Овцы по-прежнему мирно паслись, только шерсть у них теперь отливала серебром, будто схваченная инеем. В воздухе заметно похолодало, а ведь была середина лета. Похлопывая себя по плечам, Ханс подумал, не вернуться ли домой подобру-поздорову. И тут увидел ее.

Самая красивая, прекрасней нет на всем белом свете.

Синий лед, переходящий по краям в жемчужно-белый. Тонкий, едва уловимый аромат в одно мгновение опьянил, заставил его покачнуться и ухватиться за куст. Прохладные косы листьев мягким шелком проскользнули сквозь пальцы, оставили на ладони капли бледно-голубой крови.

Он и не знал, не думал, что бывают такие розы. Или это все проделки фей? Ханс ущипнул себя за нос, дернул упрямый вихор на затылке и на всю округу загорланил песню, которую тут же сочинил. Слова отзывались эхом, падали к ногам хрустальными льдинками. Что за наваждение?

А роза ждала. Будто сама вечность застыла звездами по краям лепестков. Опасный блеск манил, зачаровывал едва слышным перезвоном.

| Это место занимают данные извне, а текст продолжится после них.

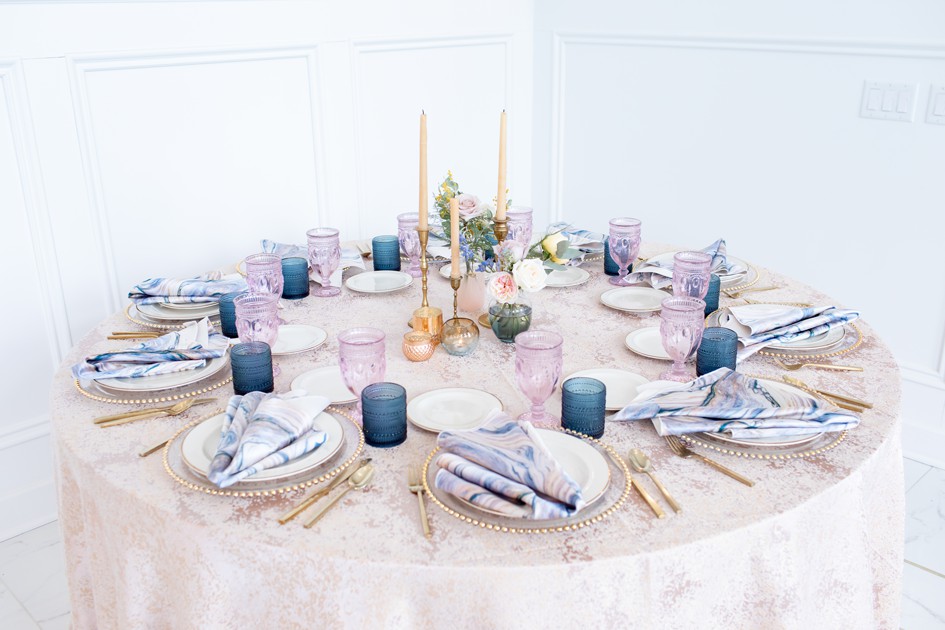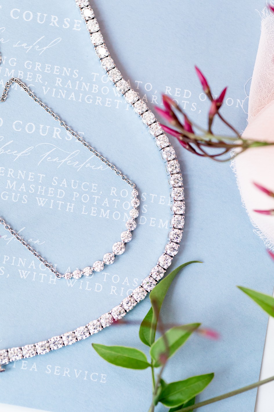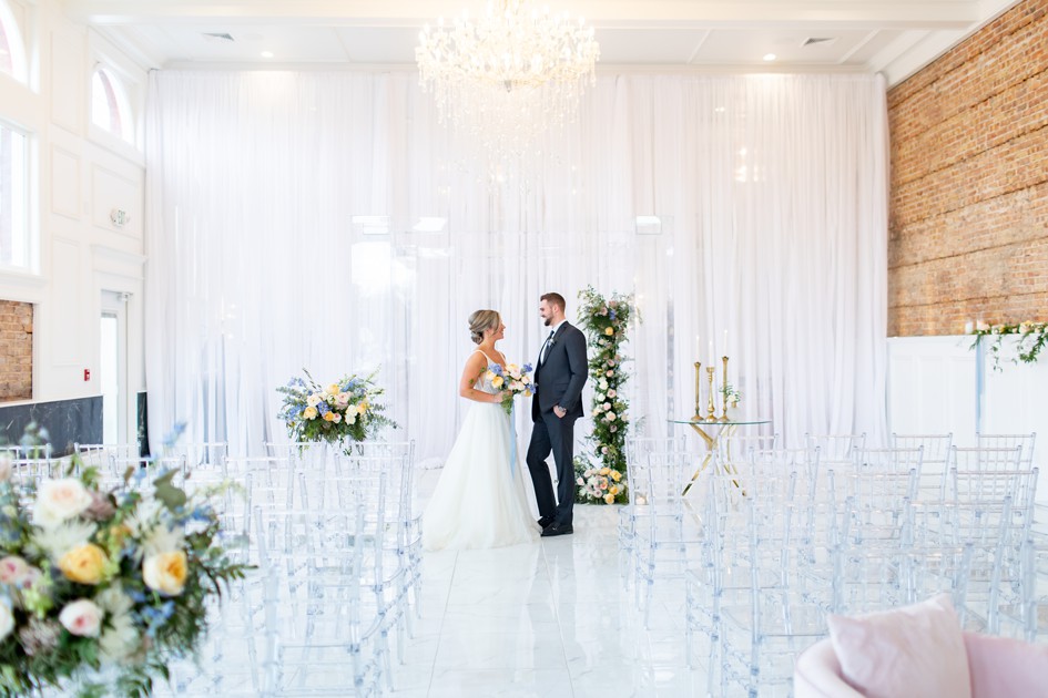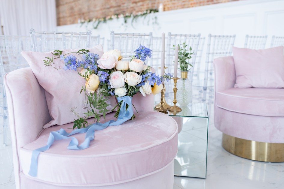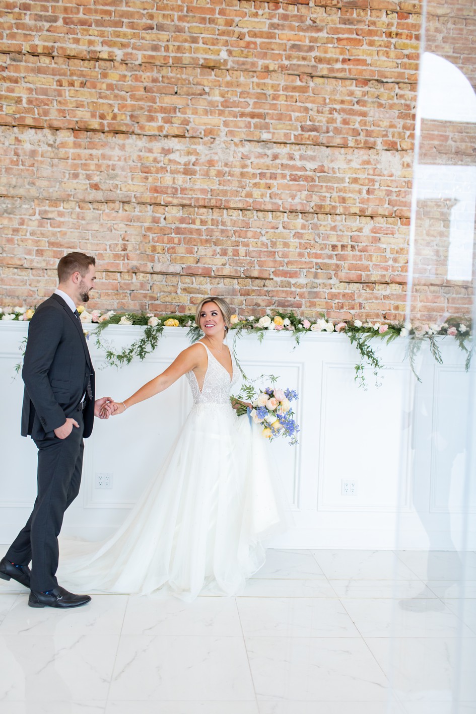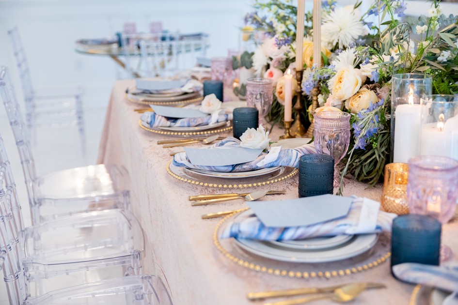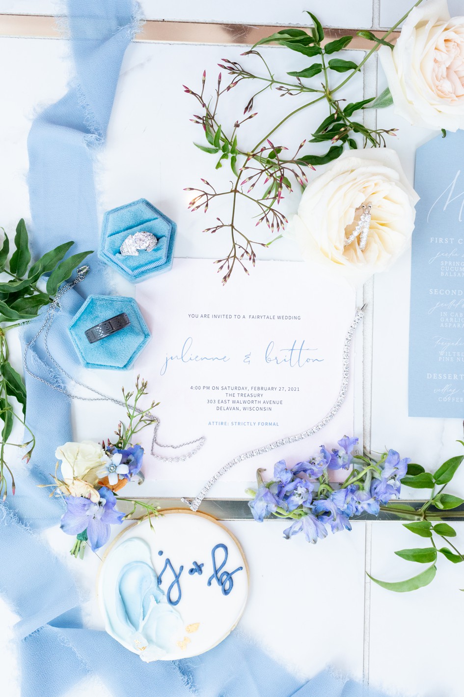 For the past three years, it's been a tradition of Elyse Bullard of Elyse Bullard Photography, Jillian Niemann of The Treasury and Jillian Niemann Makeup & Hair, and Brittney Strathmann of Willow Design to come together and create fabulous wedding inspirations. This year, their wedding inspiration took place at both The Treasury in Delavan and the Ice Castles in Lake Geneva. Lake Geneva is the hometown of the trio, and they called their team from the shoot their "favorite local vendor friends" who hailed from Lake Geneva, Madison, Milwaukee, Janesville, Beloit, and Chicago. The team chose a soft and icy palette which fit with the desired mood of the shoot--soft, romantic winter glamour. Napkins by BBJ Linen with swirling marbling echoed the ice formations onsite at Ice Castles. Pink velvet table linens, also by BBJ Linen, matched The Treasury's Glam Lounge pink velvet chairs. The team filled the room with candles and pink and ivory blooms by Willow Design. Furthermore, floor to ceiling drapery, acrylic chuppah, and hanging crystal globe bulbs by Chance Productions added romantic touches. A delicious vanilla almond cake with vanilla bean frosting by Poppy Cakes Patisserie was designed with icy textured frosting and edible "ice" crystals. For her first full scale shoot after completing construction at The Treasury, Niemann aced, or "iced", it!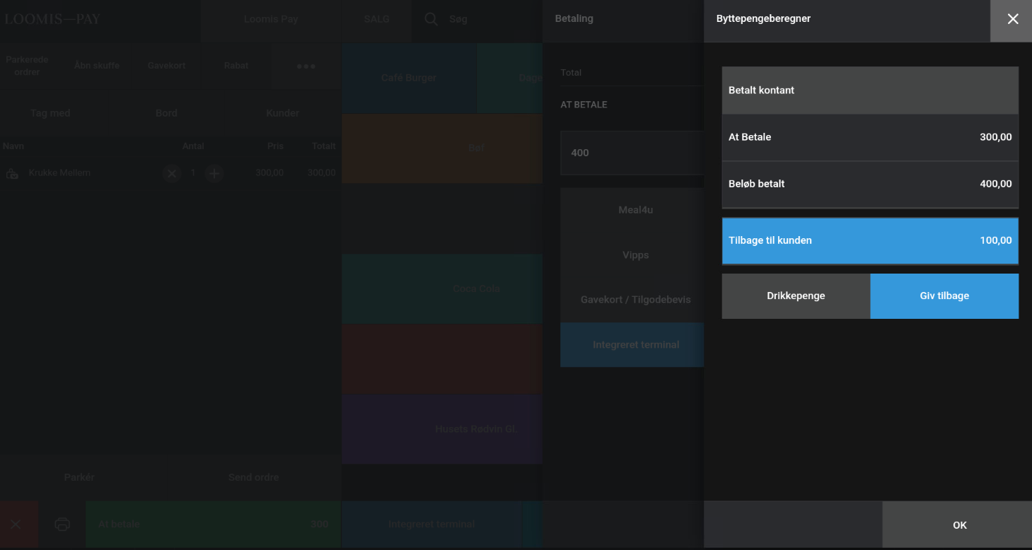 Når kunden betaler mere end det samlede beløb i kontanter, får du valget mellem at returnere det ekstra beløb på regningen eller registrere det som drikkepenge.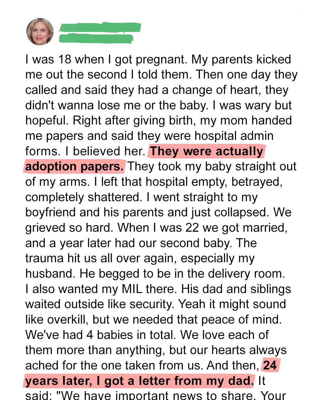 When Audrey receives a letter from the parents who betrayed her decades ago, she’s forced to return to the place where everything was taken from her. But what waits behind that door isn’t just regret… it’s a reckoning. Some reunions break you. Others show you what healing really looks like.I was 18 when I got pregnant. My parents, Maggie and Caleb, kicked me out of our home the second I told them.They didn’t ask if I was okay. They didn’t want to know how far along I was. They didn’t care that I was young and terrified. They just told me to pack my things and leave.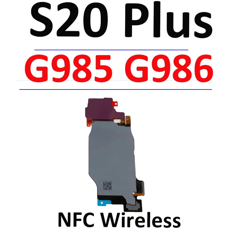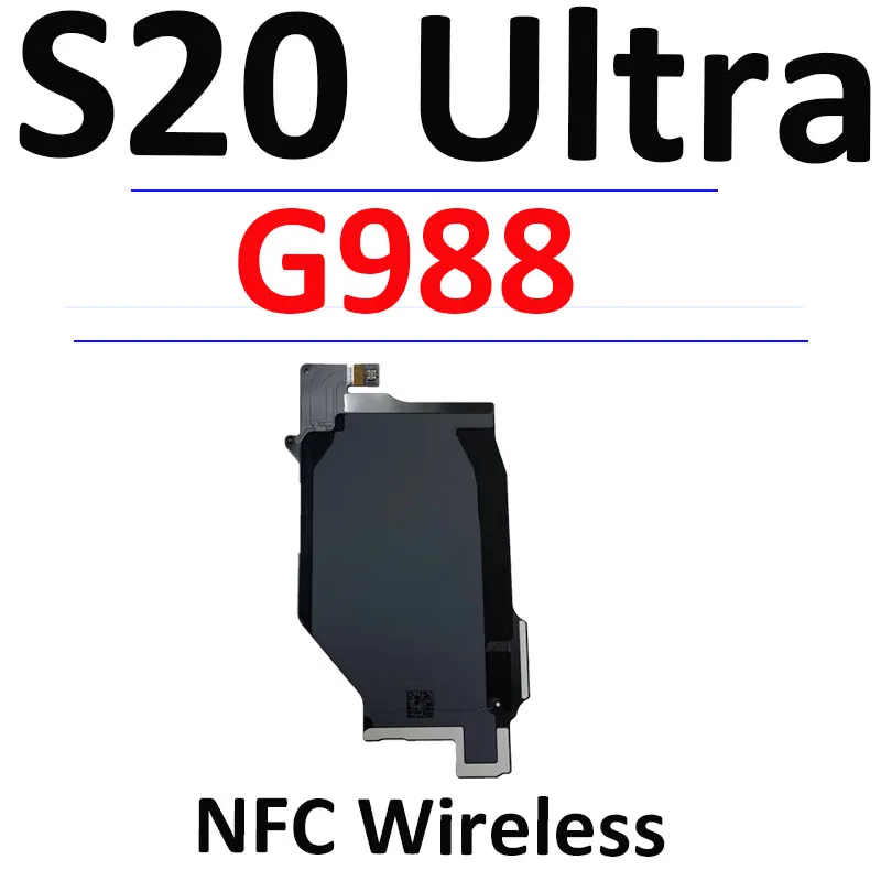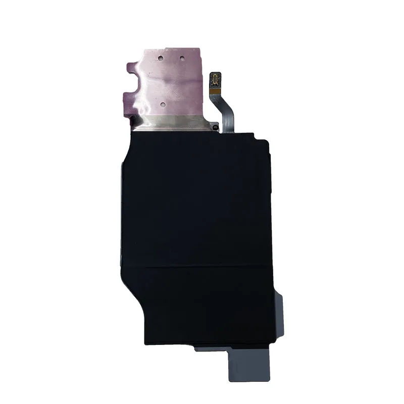 Enhance your Samsung Galaxy device with this high-quality wireless charging induction coil NFC module flex cable, compatible with models including S20, S20 FE, S20 Plus, S20 Ultra, S21, S21 FE, S21 Plus, S21 Ultra, S22, S22 Plus, and S22 Ultra. Crafted with a sleek black surface and textured finishes, it features a precise rectangular shape with a central circular NFC coil and Gold contact pads for reliable electrical connections. The metallic connector tab ensures secure attachment inside your phone. Designed for durability and tested for quality assurance, this external component offers a seamless replacement for optimal wireless charging and NFC functionality, restoring your device’s performance with confidence.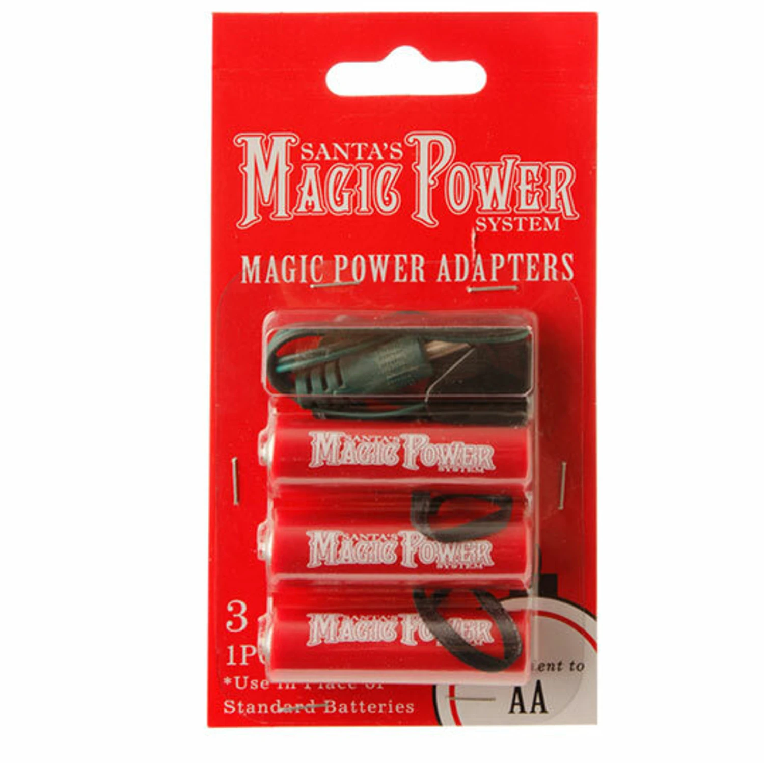 Save money on batteries! The Magic Power Adapter will save you some money this season. The adapter is equivalent to 3 AA batteries and is designed to be used with the Magic Power System, Compatible with most battery packs, this adapter turns battery operated items into plugs saving you on battery costs. Must also purchase 3416169 Power AC/DC Adapter. Made by Raz Imports. Item # 3416165.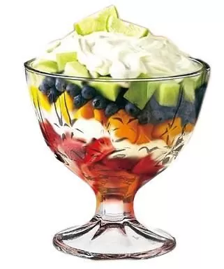 Komplet 6 pucharków na nóżce, ozdobionych szlifem niedużych gwiazdek. Salaterki mają pojemność 250 ml, średnica miseczki na górze wynosi 10 cm. Idealnie sprawdzą się jako pojemnik do serwowania lodów i słodkich deserów.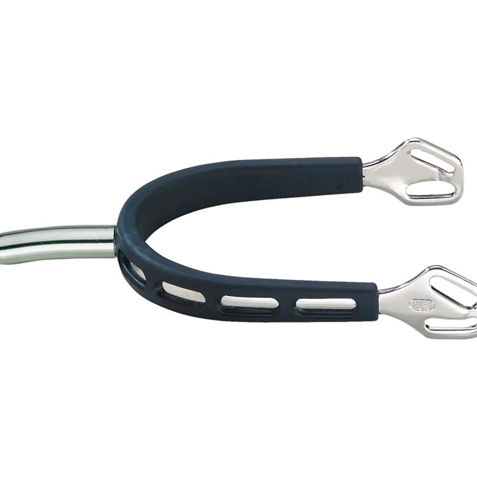 Ein Sporen mit Weichgummi-Überzug für einen besseren Sitz, der mit seiner schönen Optik sehr elegant am Reitstiefel wirkt. Durch die neue Sporenriemenführung wird der Stiefel zusätzlich geschont.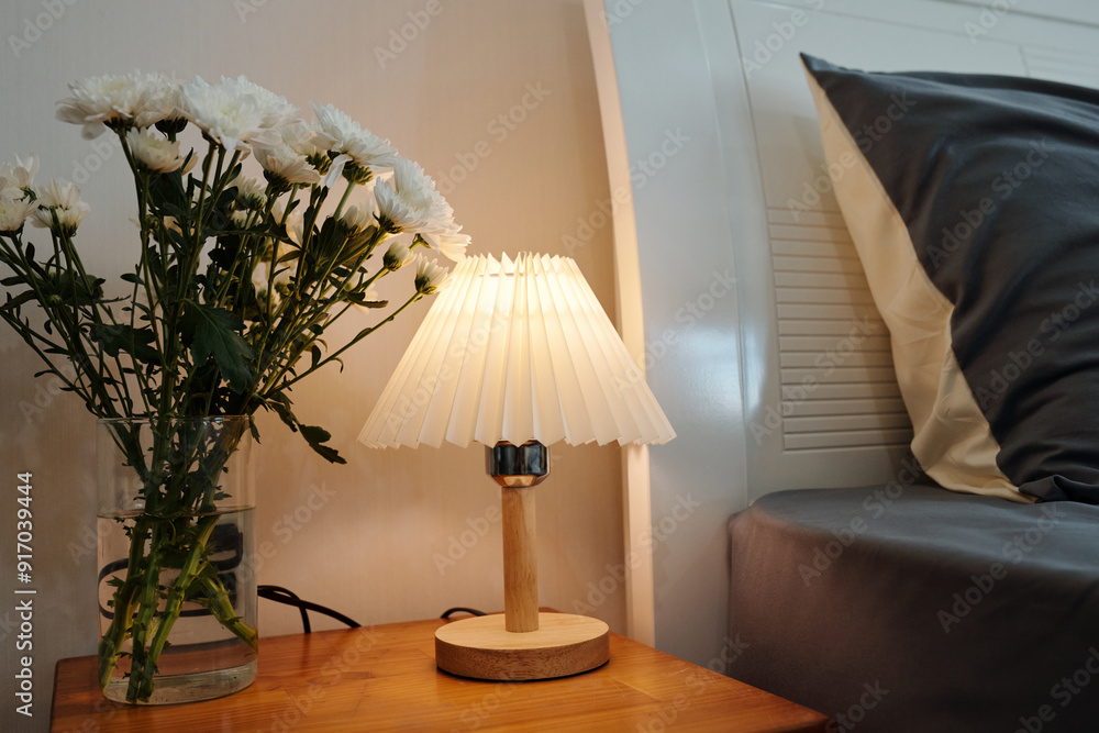 Close-up of bedside table with lamp and bouquet of flowers in bedroom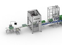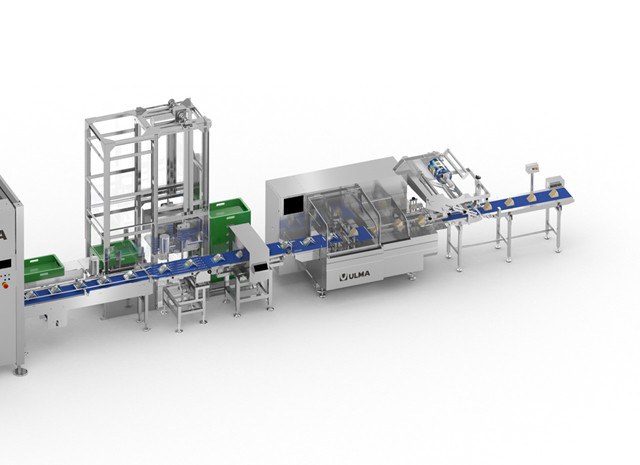 A linha possui um desempilhador automático para caixas vazias para alimentar a célula robotizada de encaixotamento.

Ханс сел подле, не в силах оторвать взгляда от мерцающего света.

Он сам уже не тот бедолага пастух, у которого дома хоть шаром покати, да и сам дом – жалкая лачуга. Каждая заплата на его куртке покрылась серебряной вязью, вышивка ручьем бежала по вороту, завивалась невиданными узорами на манжетах. На ногах вместо стоптанных башмаков красовались сапоги из тончайшей телячьей кожи с изогнутыми пряжками, под стать принцу или королевичу.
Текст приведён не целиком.